What you give back should be exactly the lines from the one with "Nah itulah soal" through the end of the data, without the pictures.

Items from a data source
------------------------------------------------------------
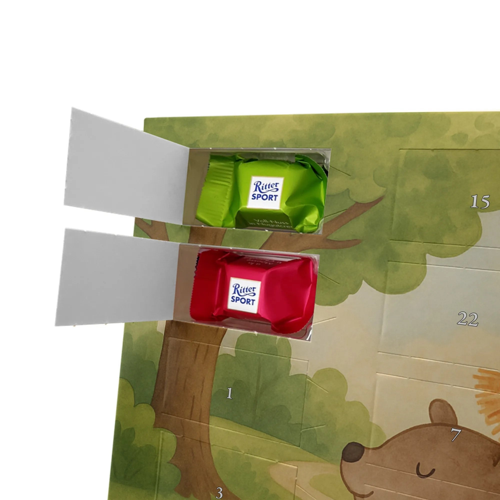🐼 24 Türchen gefüllt mit Ritter Sport Schokowürfeln – perfekte Adventsüberraschungen.
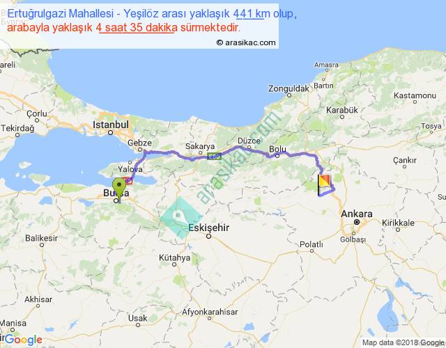Ertuğrulgazi Mahallesi - Yeşilöz arası yaklaşık olarak 90 km/h ile yukarıda belirtilen sürede olup, iki yerin kuş uçuşu uzaklığı (mesafesi) 266'dir. Eğer belirtilen yerler arasında uçak seferi var ise bu süre uçakla 24 dakika'ya kadar düşebilir. Yolculuk otobüsle 5 saat 57 dakika sürmektedir.
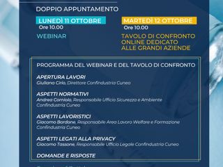 Negli appuntamenti di lunedì 11 e martedì 12 ottobre, dopo l’apertura dei lavori a cura di Giuliana Cirio, direttore di Confindustria Cuneo, vi sarà l’esame degli aspetti normativi proposta da Andrea Corniolo, responsabile dell’Ufficio Sicurezza e Ambiente di Confindustria Cuneo, seguiranno gli aspetti lavoristici analizzati di Giacomo Bordone, responsabile dell’Area Lavoro Welfare e Formazione di Confindustria Cuneo, e quelli legati alla privacy affrontati da Giacomo Tassone, responsabile dell’Ufficio legale di Confindustria Cuneo. A parlare delle previsioni sui tempi della terza dose di vaccino per i lavoratori sarà Bartolomeo Griglio, vicedirettore dell’Assessorato alla sanità della Regione Piemonte.
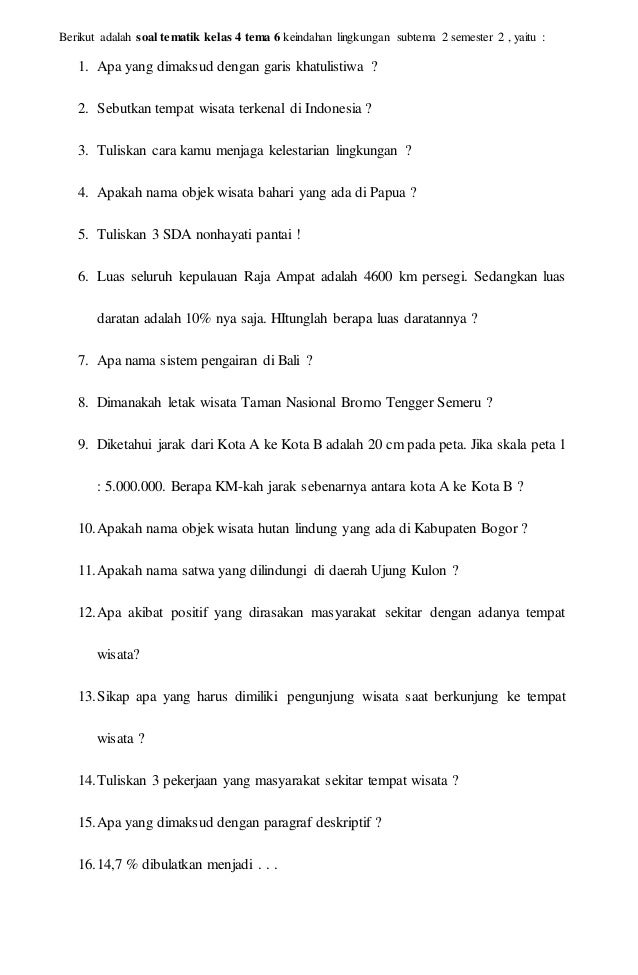 Nah itulah soal tematik kelas 4 sd tema 7 tahun 2017 semoga dapat menjadi bahan belajar adik adik tentang soal tema 7 kelas 4 sd tahun 2017. Hasil penjumlahan dari 46 150. Kumpulan soal ujian kelas 4 sd. Bilangan 37482 jika dibulatkan ke ratusan terdekat maka akan menjadi. Untuk contoh soal tema 1 kelas 4 kurikulum 2013 revisi terbaru bisa dibaca dan dipelajari di sini. Soal tema 8 kelas 4 sub tema 1.
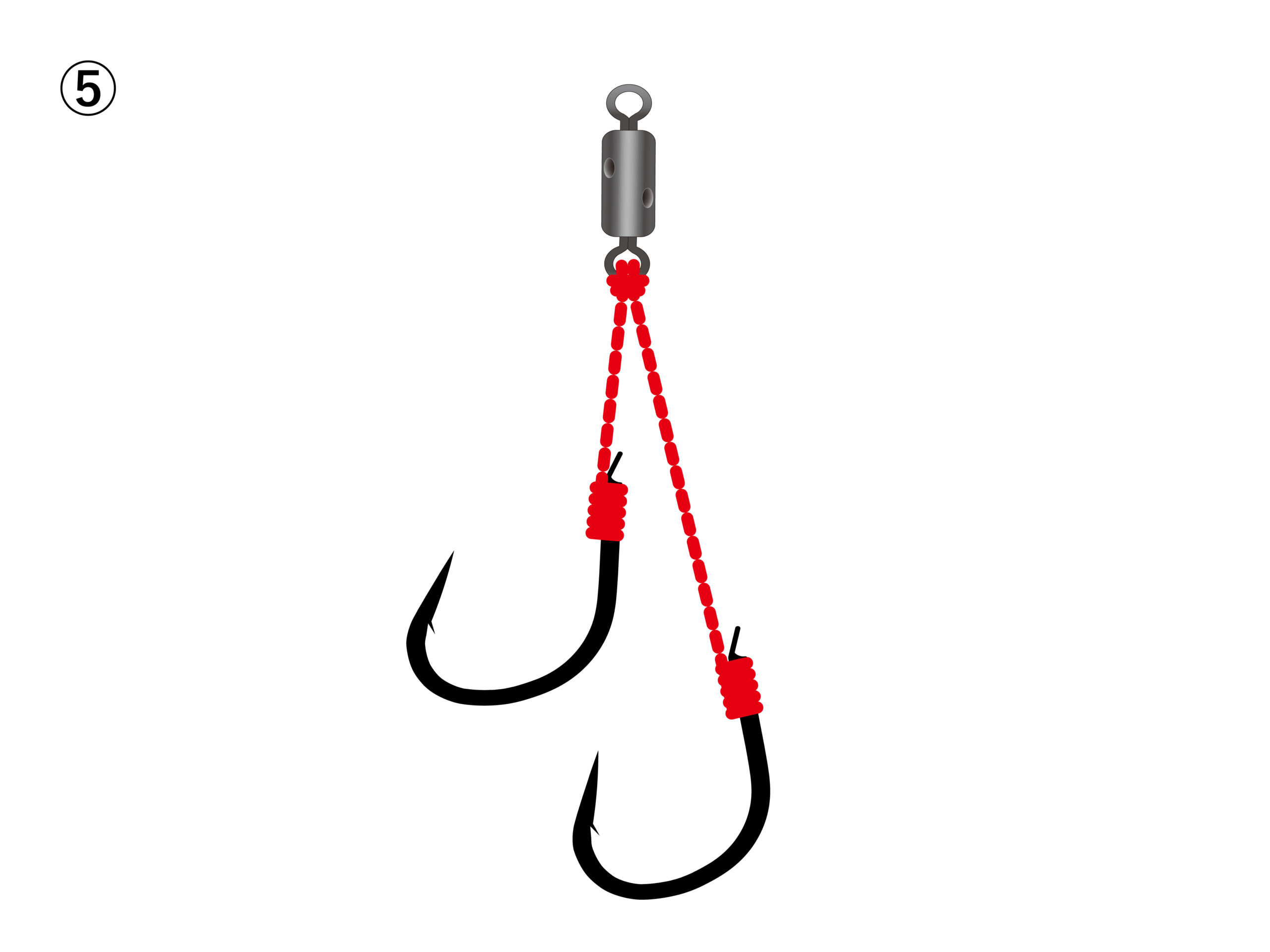 1.ループを作り、スイベルの穴に通します。この時上下の鈎に段差をつけておきます。
------------------------------------------------------------
TASK RESULT:
 Nah itulah soal tematik kelas 4 sd tema 7 tahun 2017 semoga dapat menjadi bahan belajar adik adik tentang soal tema 7 kelas 4 sd tahun 2017. Hasil penjumlahan dari 46 150. Kumpulan soal ujian kelas 4 sd. Bilangan 37482 jika dibulatkan ke ratusan terdekat maka akan menjadi. Untuk contoh soal tema 1 kelas 4 kurikulum 2013 revisi terbaru bisa dibaca dan dipelajari di sini. Soal tema 8 kelas 4 sub tema 1.
 1.ループを作り、スイベルの穴に通します。この時上下の鈎に段差をつけておきます。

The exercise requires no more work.